**Task description:**
The span to repeat in the listing below runs from the line containing "GEAR デニムシャツ ボタンダウンシャツ" to the line containing "成蛇も幼蛇も尾から後頭部まで、 灰褐色に黒の斑模様が入ります。", inclusive. Repeat it exactly, and only it.

**Material provided:**
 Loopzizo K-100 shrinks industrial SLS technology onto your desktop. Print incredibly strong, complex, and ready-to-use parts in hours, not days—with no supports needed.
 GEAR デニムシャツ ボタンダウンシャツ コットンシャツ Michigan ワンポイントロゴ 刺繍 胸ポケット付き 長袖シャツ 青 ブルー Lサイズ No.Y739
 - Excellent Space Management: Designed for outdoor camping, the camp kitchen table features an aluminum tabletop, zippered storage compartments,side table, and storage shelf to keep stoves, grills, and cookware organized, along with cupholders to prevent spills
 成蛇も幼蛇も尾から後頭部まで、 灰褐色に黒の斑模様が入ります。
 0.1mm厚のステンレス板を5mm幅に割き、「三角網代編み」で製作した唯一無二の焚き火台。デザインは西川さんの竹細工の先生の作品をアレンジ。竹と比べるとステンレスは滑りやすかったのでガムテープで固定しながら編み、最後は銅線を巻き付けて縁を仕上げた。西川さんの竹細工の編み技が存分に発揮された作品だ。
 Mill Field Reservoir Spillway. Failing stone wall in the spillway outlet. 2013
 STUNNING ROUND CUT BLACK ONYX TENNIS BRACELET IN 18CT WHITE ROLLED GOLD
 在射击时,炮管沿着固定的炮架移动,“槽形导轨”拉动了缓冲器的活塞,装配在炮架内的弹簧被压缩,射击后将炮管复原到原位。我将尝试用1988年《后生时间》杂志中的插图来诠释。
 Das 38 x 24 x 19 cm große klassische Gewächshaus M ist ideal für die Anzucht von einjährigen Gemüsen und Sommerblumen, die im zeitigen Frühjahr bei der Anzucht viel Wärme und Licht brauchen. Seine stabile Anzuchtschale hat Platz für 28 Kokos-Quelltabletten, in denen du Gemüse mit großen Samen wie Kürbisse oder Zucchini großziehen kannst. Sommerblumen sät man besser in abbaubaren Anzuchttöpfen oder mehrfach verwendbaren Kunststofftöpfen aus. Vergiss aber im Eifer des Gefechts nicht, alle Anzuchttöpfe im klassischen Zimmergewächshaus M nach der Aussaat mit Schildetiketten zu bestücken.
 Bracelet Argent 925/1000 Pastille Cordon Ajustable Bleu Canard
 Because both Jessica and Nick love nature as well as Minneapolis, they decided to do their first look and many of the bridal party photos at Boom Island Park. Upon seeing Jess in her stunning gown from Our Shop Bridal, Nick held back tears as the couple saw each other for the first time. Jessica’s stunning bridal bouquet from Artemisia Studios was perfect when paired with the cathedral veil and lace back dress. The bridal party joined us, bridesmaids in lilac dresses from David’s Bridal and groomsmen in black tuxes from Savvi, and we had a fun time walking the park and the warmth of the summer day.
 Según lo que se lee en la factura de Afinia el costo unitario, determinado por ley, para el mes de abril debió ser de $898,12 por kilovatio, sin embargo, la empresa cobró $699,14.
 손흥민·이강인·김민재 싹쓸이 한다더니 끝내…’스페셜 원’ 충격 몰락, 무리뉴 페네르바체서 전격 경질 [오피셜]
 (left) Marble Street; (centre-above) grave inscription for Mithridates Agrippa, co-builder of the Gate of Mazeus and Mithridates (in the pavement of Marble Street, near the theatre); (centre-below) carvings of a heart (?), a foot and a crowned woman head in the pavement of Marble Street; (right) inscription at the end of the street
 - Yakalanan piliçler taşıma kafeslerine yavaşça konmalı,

**Reply:**
 GEAR デニムシャツ ボタンダウンシャツ コットンシャツ Michigan ワンポイントロゴ 刺繍 胸ポケット付き 長袖シャツ 青 ブルー Lサイズ No.Y739
 - Excellent Space Management: Designed for outdoor camping, the camp kitchen table features an aluminum tabletop, zippered storage compartments,side table, and storage shelf to keep stoves, grills, and cookware organized, along with cupholders to prevent spills
 成蛇も幼蛇も尾から後頭部まで、 灰褐色に黒の斑模様が入ります。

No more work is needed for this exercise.